Grand blitz sur le financement et le prix des lunettes d’optique, mise sous surveillance des hôpitaux publics, rationalisation du financement de la permanence des soins libérale et coupes franches dans la biologie libérale et hospitalière… Avec, cerise sur le gâteau, des préconisations de réforme pour le régime de retraite des professions libérales, appelées à mutualiser leurs ressources… La Cour des comptes n’y va pas par quatre chemins pour réduire les déficits de la Sécu, et de l’assurance maladie, qu’elle juge très préoccupants.

 

Chargée de surveiller la bonne application des lois de financement de la sécurité sociale, et à une semaine de la présentation du budget 2014 de la Sécu par le gouvernement, la Cour des comptes vient de dévoiler dans son rapport 2013 une série de mesures radicales destinées à réduire le déficit de la Sécu (147 milliards d’euros accumulés à fin 2011), durement impacté par l’atonie de la croissance et la moindre progression des recettes. Phénomènes liés à la crise, qui se sont traduits, en 2013, par un “coup de frein brutal dans le mouvement de décroissance de la dette initié depuis 2010”. Ainsi, le déficit devrait au mieux, se stabiliser au niveau de 2012 (- 17,4 milliards). Bémol : la Cour n’a pas étudié dans ce rapport, l’impact de la réforme des retraites sur les comptes de la branche, qui vient tout juste d’être négociée.

Néanmoins, pour la seule assurance maladie, le trou s’est creusé de 6 à 8 milliards cette année. Comment remettre les comptes d’équerre ? La Cour se refuse à recourir à des recettes nouvelles, une solution qui “atteint désormais ses limites” plaide-t-elle. Ce sera donc par la voie de la chasse aux niches sociales, par la reprise de la dette Famille et Maladie par la CADES, la caisse ad hoc, ce qui nécessitera tout de même une augmentation de la contribution au redressement de la dette sociale, la CRDS. Et par la maîtrise des dépenses que le chemin vertueux devra être retrouvé. On verra mercredi, au conseil des ministres, quels seront les choix du gouvernement pour l’année prochaine.

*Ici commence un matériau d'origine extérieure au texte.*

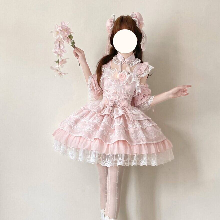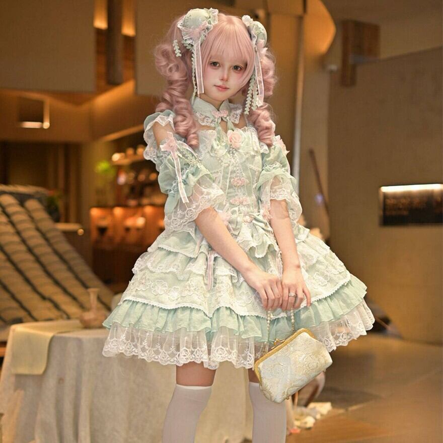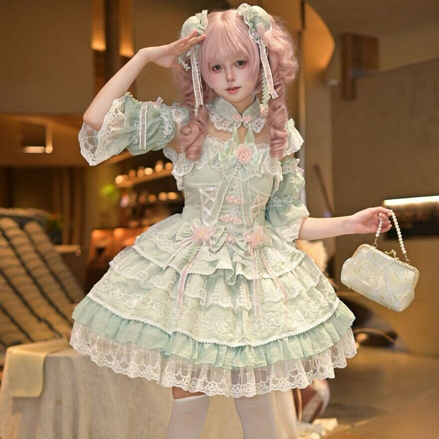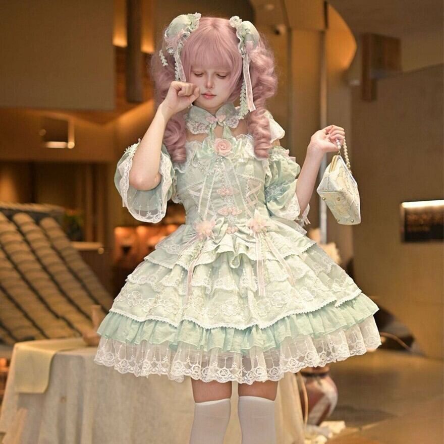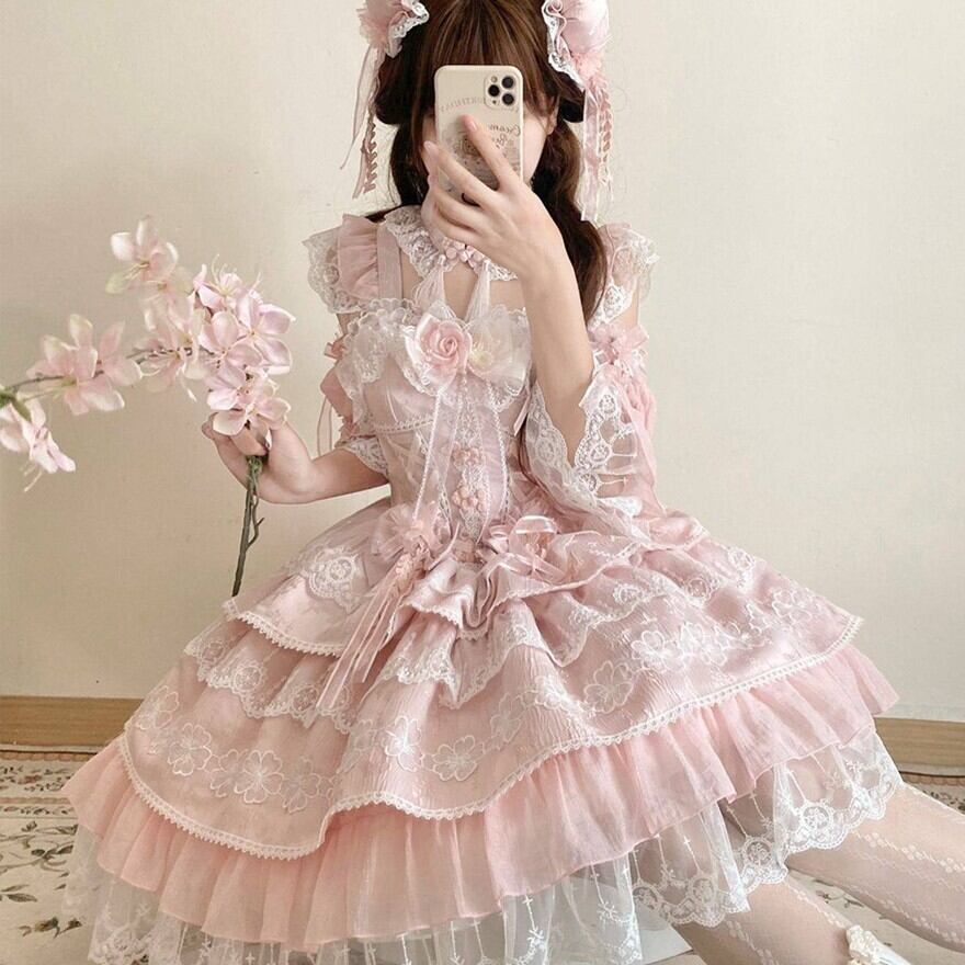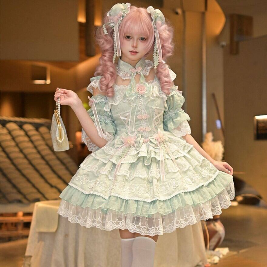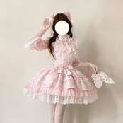ゴシックロリータのような暗色中心のデザインとは異なり、淡い配色とレース装飾が特徴の甘ロリ系ワンピースです。装飾は豊富ながら全体が統一されており、甘ロリ入門として取り入れやすい立ち位置です。

Première voie préconisée par la Cour des comptes pour la branche maladie : la maîtrise de l’ONDAM (Objectif national des dépenses d’assurance maladie). Pour la troisième année consécutive, l’ONDAM a été respecté note la Cour. Fixé à 2,5 % en 2012, il est passé à 2,7 % en 2013, et il sera établi à 2, 4 % pour 2014 (alors qu’un taux de 2,6 % était prévu par la loi de Finances publiques courant jusqu’à 2017). La Cour demande en effet que cet objectif soit diminué d’au minimum 0,2 point chaque année par rapport à l’affichage de la loi de Finances publiques soit 2,4 % en 2014 (au lieu de 2,6 %), 2,3 pour 2015 et 2016 au lieu de 2,5 %. Ce qui risque de faire grincer bien des dents. Car plusieurs secteurs risquent de se trouver fortement impactés par les économies à venir.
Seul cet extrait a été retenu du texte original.